# Buying wood from Rockler



## marcuscraft (Nov 14, 2012)

So for about the first time ever I went to buy some wood from Rockler. They have ambrosia maple on sale for $4/bd ft, so thought I would pick up a bit to play around with. I went into the store, it was surfaced on both faces down to about 3/4. They still charged as if it was 4/4 though, saying that it was 4/4 so they charge at that rate, but as a courtesy, they sell it surfaced already.

So my first question was where can I buy the wood unsurfaced? I'm sure I would end closed to the 7/8 than there 3/4, so that would be great. Of course I was not surprised when they said that was not available.

I usually buy from small and local lumber guys, and when something is advertised as 4/4, its full thickness. On rare occasions if/when I buy surfaced, they'll let me know that they had to surface the boards down to 15/16, and charge accordingly. It seems to be that Rockler is trying to justify over charging by 33%. I dont know, maybe this is customary and I just have really great lumberyards around me. I'll be hard pressed to buy wood from Rockler though.


----------



## Woodmaster1 (Apr 26, 2011)

No, this is normal for most mills. They sell it 4/4 unsurfaced or 3/4 surfaced the bdft. is still calculated on 4/4 lumber. Usually they charge a mill fee to surface the lumber."


----------



## marcuscraft (Nov 14, 2012)

Very interesting. I guess I'll consider myself very lucky and stick w/ my local guys…probably good business to do that anyways.


----------



## docholladay (Jan 9, 2010)

My experience is the same as Woodmaster1. Usually, the wood is more expensive when it has already been surfaced, but for 4/4 lumber, the standard is that 4/4 is actually 4/4 in an unsurfaced form. It is still considered to be 4/4 when surfaced it nets out at 3/4 or greater thickness. Usually, the price is based on unsurfaced and then it is increased if the wood has already been surfaced. Also, I don't think the price is based solely on the volumn of wood (4/4 vs 3/4 thickness for example). 4/4 lumber will usually have a little bit of different cost per bd/ft for example than 6/4, 8/4 or 12/4. This is because, it is more difficult to get the thicker lumber. The trees have to be larger and therefore are a bit more rare. The thicker lumber usually will be a little bit more expensiver per bd/ft than the thinner pieces. Naturally, also, various figures (ambrosia for example) will be more expensive than common grain. The most expensive way to buy lumber is almost always S4S Clear with the exception of some rare, highly figured woods.

Doc


----------



## marcuscraft (Nov 14, 2012)

I just went and measured the rough sawn maple I just bought as 4/4 from my usual guy. Its at about 1.2". So I suppose I'm definitely a lucky guy when it comes to lumber.


----------



## bondogaposis (Dec 18, 2011)

The standard for surfaced 4/4 hardwood lumber is 13/16" thickness. The big box stores plane it down to 3/4, so it matches softwood dimensions. Not sure about Rockler, but I would think that they would follow the hardwood convention.


----------



## WDHLT15 (Aug 15, 2011)

4/4 Hardwood lumber is usually cut rough at 1 1/8" thick (1.125"). That way it is easy to get a 3/4" finished thickness. Planing the lumber is a value added step and increases the price. You don't get something for nothing. The way Rockler is doing it is the way the industry works, so they are not shorting you.


----------



## live4ever (Feb 27, 2010)

3/4 is generally charged as 4/4, whether it's 1-1/16" rough, 15/16", 7/8", etc. The wood at Rockler is usually truly S2S. They really plane/sand it nice and have nicer boards (hence the higher prices). That's why it ends up around 3/4". The same wood S2S or skip planed at the hardwood dealer usually doesn't look as good, though it might be 7/8" or 15/16".

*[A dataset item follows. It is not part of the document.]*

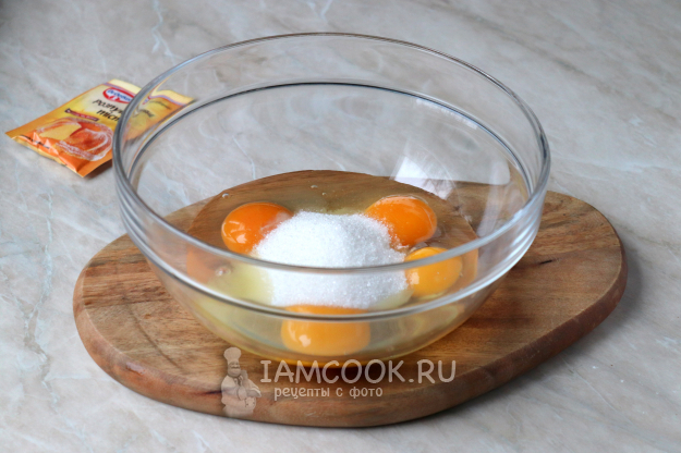 Вбейте яйца в объемную миску. Туда же добавьте указанную порцию сахара.
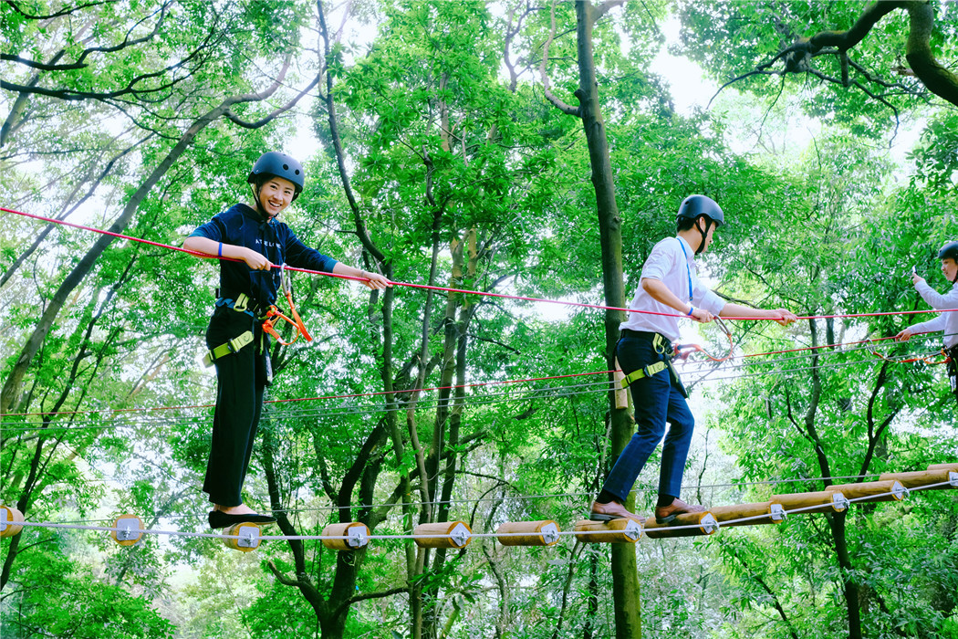 成都飞越丛林,感受森林与自然的美好,有多种趣味路线等你体验!适合多个年龄段,去挑战高空悬梁、网道、木桶…体验高空穿梭于大自然的那种新奇感受!

I personally don't buy wood at Rockler as it's a little overpriced for my taste, but the boards are usually pretty nice.


----------



## marcuscraft (Nov 14, 2012)

Interesting to know, and thanks for the feedback everyone. I guess I am so used to dealing w/ my local guys (and them dealing with me) that the whole price tag on a measured piece of lumber just seemed odd.


----------



## planepassion (Nov 24, 2010)

As a point of comparison, I bought a nice ambrosia board from Woodcraft yesterday. It was marked as 4/4 at $4.99/bf. It's nominal thickness is 1 and 3/16". It looks to have been skip planed and both edges are rough. I'm hoping to resaw the material to get a 4-corner match on a box and end up with 3/8" thick sides.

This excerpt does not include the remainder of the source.